Все позади, буквально позади. Все осталось там, за тридцать, сорок — сколько они уже проехали — километров отсюда. И не надо больше ломать себя, изнурять и вымучивать, не надо вздрагивать от звонков, от шагов, от мыслей, от внезапных сомнений. Это все там, за спиной, и он не хочет оборачиваться. Зачем? Когда там так черно, дымно и душно. Город ему казался сейчас темным, грязным, смрадным. Он видел его весь целиком, сразу — с угрюмыми домами, с хищными, наглыми машинами, с враждебными, недобрыми людьми, — укутанный густым горьким маревом. А здесь, вот в этом купе и за окном, было чисто, светло и радостно. И в Москве тоже будет чисто, светло и радостно.
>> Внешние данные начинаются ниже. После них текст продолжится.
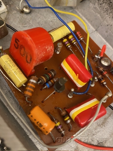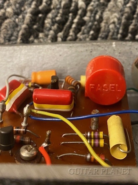 1960年代中頃から末にかけてVoxやThomas OrganのエフェクターはイタリアのEME(Electonica Musicale Europea)により製造されましたが、その後1960年代末頃に創業したイタリア、ペスカラのJEN ELECTRONICAが製造を引き継ぎました。そして本機は各パーツなどから、その時期のに個体だと思われます。インダクターには赤色FASELが採用されています。

И он может дышать полной грудью и улыбаться искренне, открыто и в удовольствие. Он освободился, он бежал. Он в бегах. Бежал, бежал… Ритмично и плавно покачивался вагон, и в купе стало еще темнее, за дверью кто-то тихо и монотонно говорил. Вот слова стали сливаться в один длинный, низкий звук. Вадим уснул… Высокая черная стена была перед ним, без единого зазора, без единой трещинки; справа и слева, и сзади белым-бело, а впереди стена. Ему стало страшно, и он побежал, а потом оглянулся и понял, что это не стена, а борт корабля, огромной бело-черной глыбы ледохода, он намертво врос в лед и стал словно памятник самому себе. И Вадим вспомнил, что плыл на этом корабле и что там были люди, много людей, и что он пытался с ними заговорить, а они не отвечали ему, не смотрели даже в его сторону, они бесшумно двигались по палубе и молчали. Он схватил кого-то за руку, но рука была твердая и холодная, и Вадим отдернул пальцы, словно дотронулся до мертвеца. И захотел уйти отсюда, все равно куда, лишь бы уйти. И нашел лестницу, спустился по ней и оказался на льду, и студеный колкий ветер сразу опалил его лицо, и шею, и руки, и ноги, а на корабле было тепло, тепло и уютно, вот только эти странные люди…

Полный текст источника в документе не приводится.